To realise these benefits, we believe that the new regulatory environment for CDS should reflect three principles:
First, the new rules should embrace an expansive definition of standardised instruments, one that reflects the diversity of OTC credit market instruments in the institutional markets. Based on available DTCC warehouse data, approximately 75% of CDS volume takes place in actively traded indices and single names. These swap contracts should fall under the definition of standardised instruments. A narrow definition of standardised products would limit the usefulness of the CDS market and undermine the objectives of the reforms.
Second, the new rules should encourage electronic trading protocols appropriate to the diverse nature of both the cash bond market and CDS credit instruments and promote participation by a wide range of liquidity providers and investors. The myriad varieties of instruments and the uneven liquidity in the credit markets make an exchange model impractical for all but the few most liquid CDS contracts. It is instructive in this regard that although exchange trading has been available for corporate bonds on the NYSE since the late 1970s, exchange trading of corporate bonds has never developed any meaningful liquidity.

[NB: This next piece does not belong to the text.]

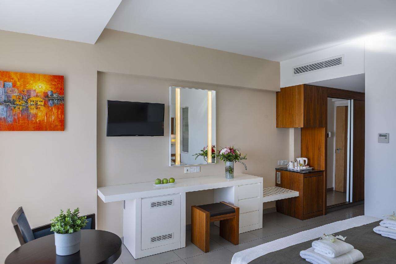 Szobák: minden szuperior szoba modern bútorokkal, stílusosan berendezett, egy hálószobás (~26 m2), légkondicionált, fürdőszobás, hajszárítóval, síkképernyős tv-vel, vízforralóval (tea-, és kávéfőzési lehetőség), minibárral, széffel (térítés ellenében), telefonnal felszerelt. Minden szobához erkély tartozik szárazföldre, oldal tengerre vagy medencére és tengerre néző kilátással.

But a request-for-quote or auction approach, similar to that used successfully by MarketAxess for corporate bonds, can deliver competitive pricing, pre-trade analysis and post-trade settlement and processing for the vast array of products in both cash and derivatives trading between institutions and dealers. As appropriate trading protocols are considered, it is important to allow market participants to decide where they are best served from a liquidity and efficiency standpoint as long as the electronic trading protocols meet the stated objectives of the regulatory reform bill.
Third, the rules for swap execution facilities (SEFs) should be carefully drawn to ensure that these trading platforms are independent, well governed, financially sound and broadly accessible to qualified institutional players. Similarly, regulated clearing institutions and market standard data sources must be broadly accessible to SEFs and independently governed in the best interests of the market as a whole.

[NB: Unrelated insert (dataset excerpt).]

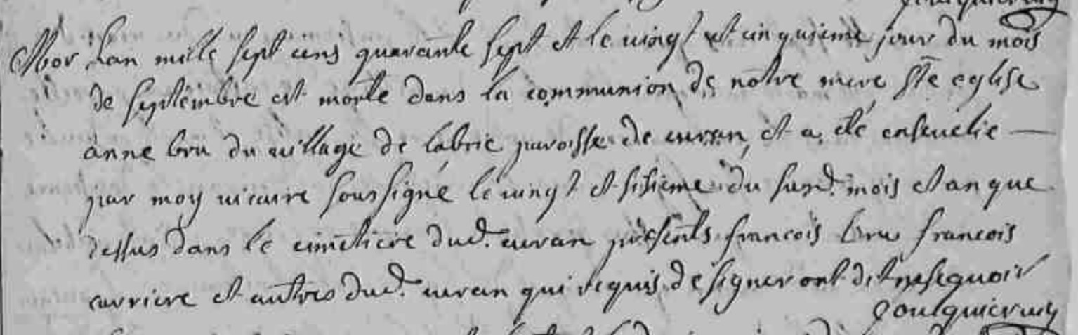 | L'an mille sept cens quarante sept et le vingt et cinquieme jour du mois de septembre est morte dans la communion de notre mere ste église Anne Bru du village de Labric paroisse de Curan et a été ensevelie par moy vicaire soussigné le vingt et sixieme du ... mois et an que dessus dans le cimetière dud Curan présents François Bru François Carrière et autres dud. Curan qui requis de signer ont dit ne savoir Goulguier vic. | Décès (plus...) | 25 septembre 1747 à l'âge de 37 ans | Curan, Aveyron, FRANCE (Labric, Curan, 12307, Aveyron, Occitanie, France) | Témoins Décès | Témoin François Bru Témoin François Carrière

Building the right structure for the CDS market is critical to restoring confidence and proper functioning to the global credit markets. And strong credit markets are, in turn, an essential part of restoring growth to the global economy. Electronic trading can play an important role in achieving more accessible, transparent, competitive and efficient CDS and bond markets. Leveraging the proven benefits of electronic trading should be an integral part of implementing CDS reform.
By Richard M. McVey, Chairman and CEO, MarketAxess Holdings Inc.